Input for this task ::
== Segment start ==

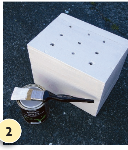
2 Apply one coat of Resene Quick Dry to the inside and outside of the entire box and allow two hours to dry.
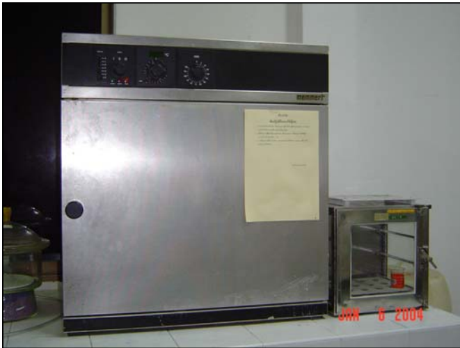
Figure E-13 Oven.
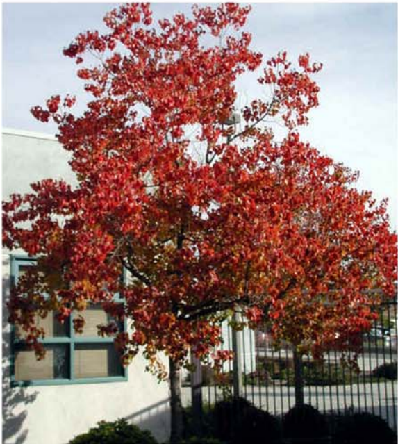
SAPIUM SEBIFERUM (CHINESE TALLOW WOOD TREE).
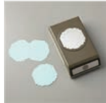
Label Me Lovely Punch - 151296
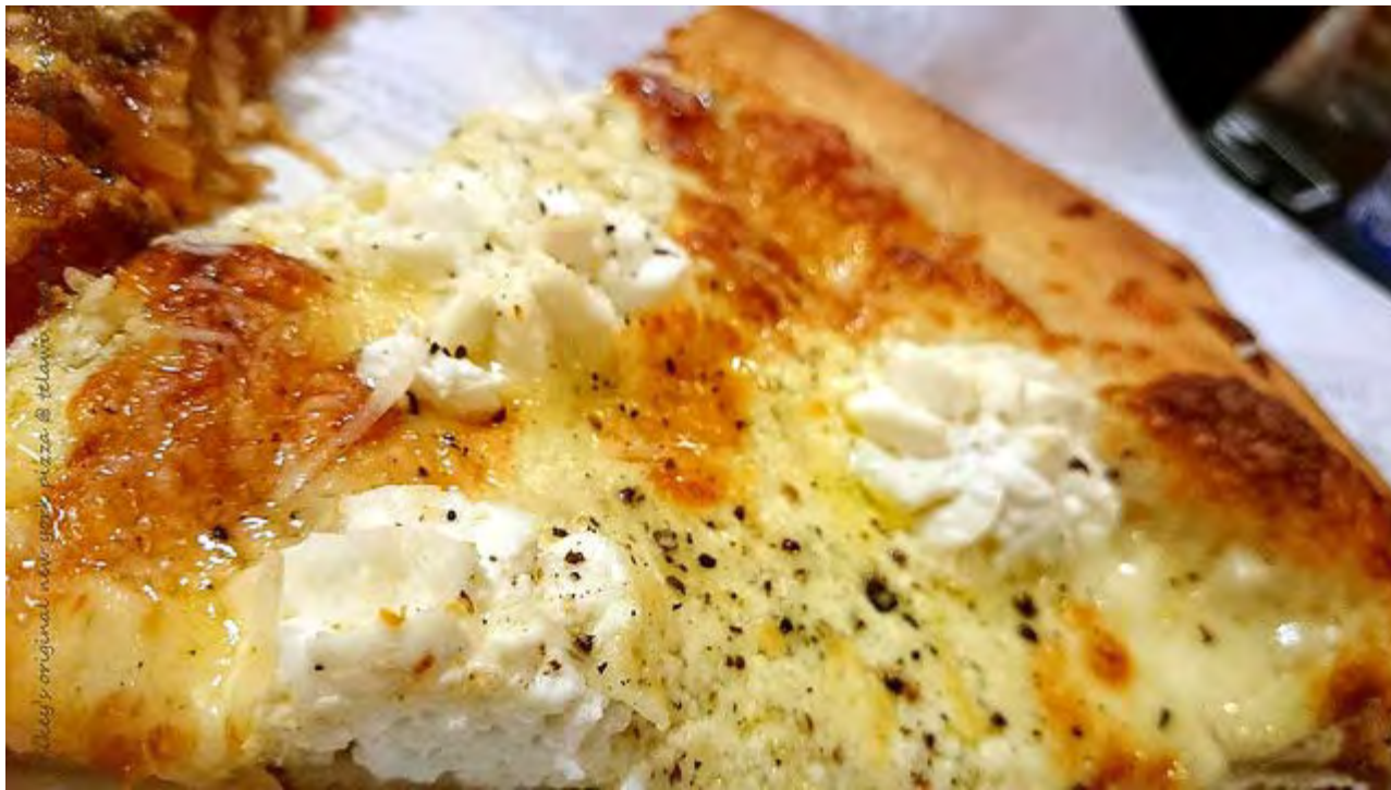
Four Cheese Heaven

Andrew's favourite (and now mine!) is Pizza Bianca aka 4-Cheese Pizza at RM10.88+ per slice. Get a load of cheddar, mozzarella, ricotta and goat's cheese, black pepper, olive oil and garlic. Rich and decadent, worth the calories!

== Segment end ==

Exercise goal ::
Every entry above needs to be printed again exactly, with its pictures left out.

Solution for this exercise ::
2 Apply one coat of Resene Quick Dry to the inside and outside of the entire box and allow two hours to dry.
Figure E-13 Oven.
SAPIUM SEBIFERUM (CHINESE TALLOW WOOD TREE).
Label Me Lovely Punch - 151296
Four Cheese Heaven

Andrew's favourite (and now mine!) is Pizza Bianca aka 4-Cheese Pizza at RM10.88+ per slice. Get a load of cheddar, mozzarella, ricotta and goat's cheese, black pepper, olive oil and garlic. Rich and decadent, worth the calories!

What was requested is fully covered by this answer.